§ ASSIGNMENT
When you reach the line below that has "전국 공통으로 행정명령 이행확인서", start returning lines exactly, and stop after the line that has "Сравнение динамики заявок"; skip the pictures.

BEGIN RECORDS SHOWN

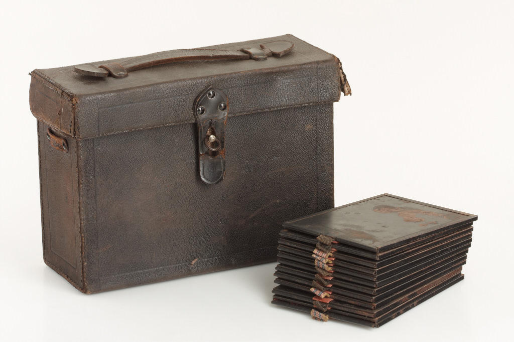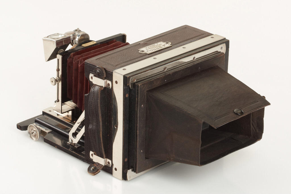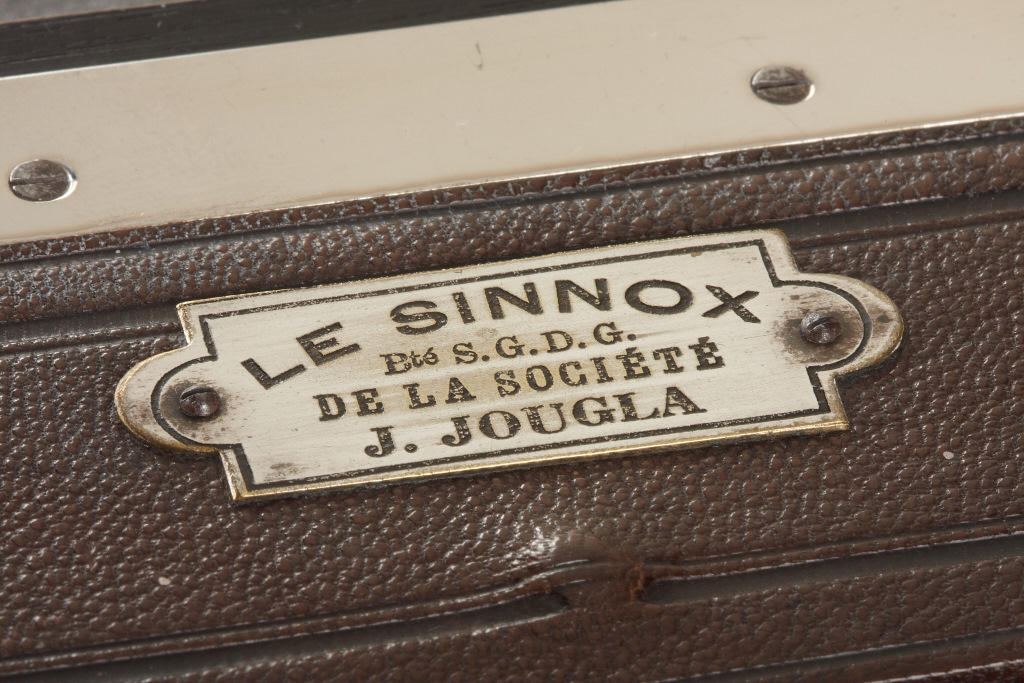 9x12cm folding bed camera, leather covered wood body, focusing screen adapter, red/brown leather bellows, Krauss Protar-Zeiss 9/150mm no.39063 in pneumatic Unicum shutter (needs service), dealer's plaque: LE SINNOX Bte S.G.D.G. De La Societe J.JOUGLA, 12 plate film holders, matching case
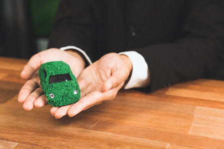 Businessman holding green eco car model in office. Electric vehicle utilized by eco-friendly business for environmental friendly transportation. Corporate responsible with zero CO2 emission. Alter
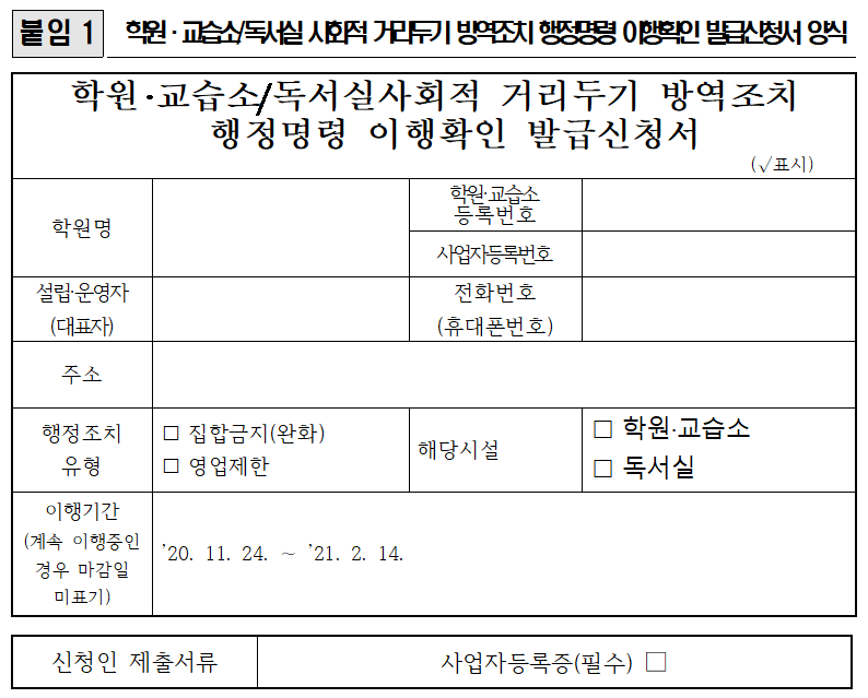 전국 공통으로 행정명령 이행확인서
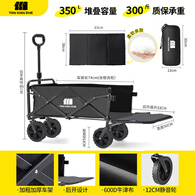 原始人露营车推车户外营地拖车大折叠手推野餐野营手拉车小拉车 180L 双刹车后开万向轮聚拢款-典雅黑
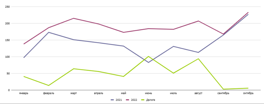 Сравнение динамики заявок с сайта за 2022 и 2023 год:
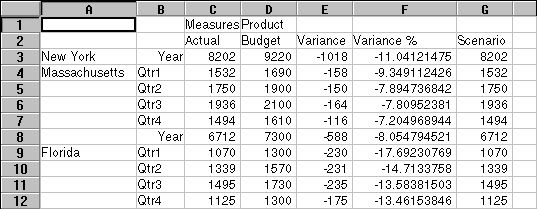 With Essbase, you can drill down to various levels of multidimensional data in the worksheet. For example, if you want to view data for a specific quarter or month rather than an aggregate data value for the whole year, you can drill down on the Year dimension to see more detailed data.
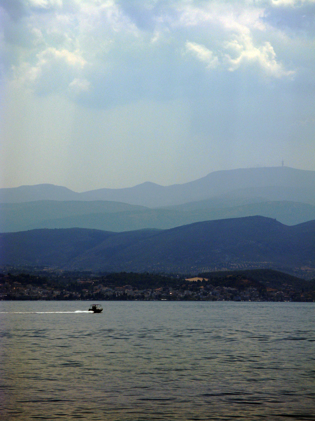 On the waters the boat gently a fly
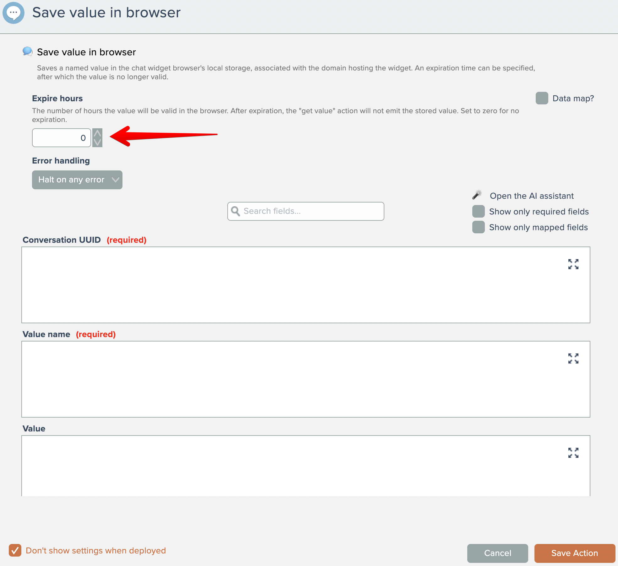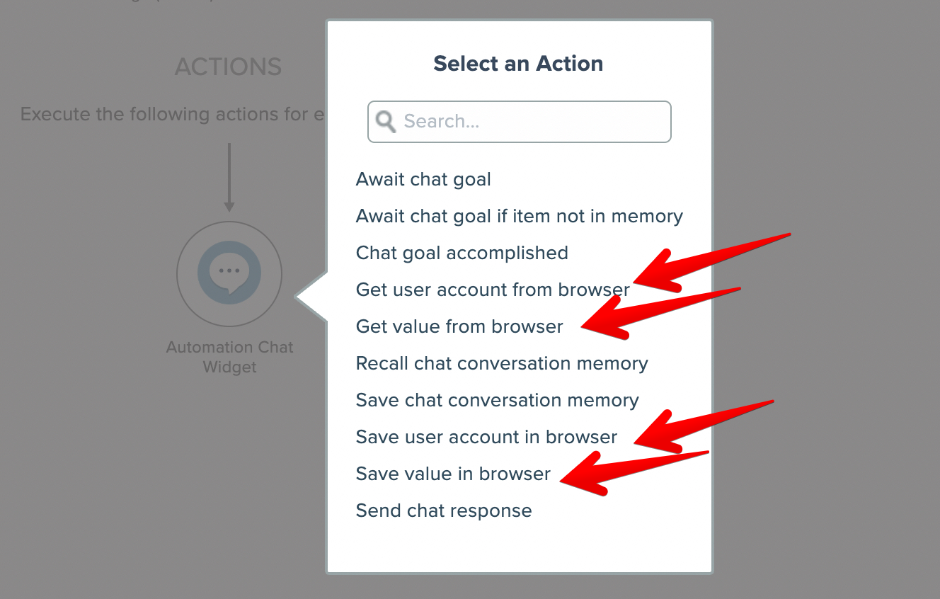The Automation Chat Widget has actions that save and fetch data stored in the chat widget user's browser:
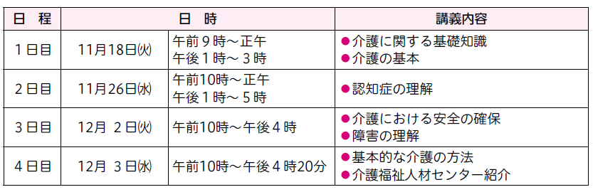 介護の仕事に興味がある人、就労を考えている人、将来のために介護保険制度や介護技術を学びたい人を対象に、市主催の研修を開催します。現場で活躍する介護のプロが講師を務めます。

END RECORDS SHOWN

§ ANSWER FOR THIS EXERCISE
 전국 공통으로 행정명령 이행확인서
 原始人露营车推车户外营地拖车大折叠手推野餐野营手拉车小拉车 180L 双刹车后开万向轮聚拢款-典雅黑
 Сравнение динамики заявок с сайта за 2022 и 2023 год:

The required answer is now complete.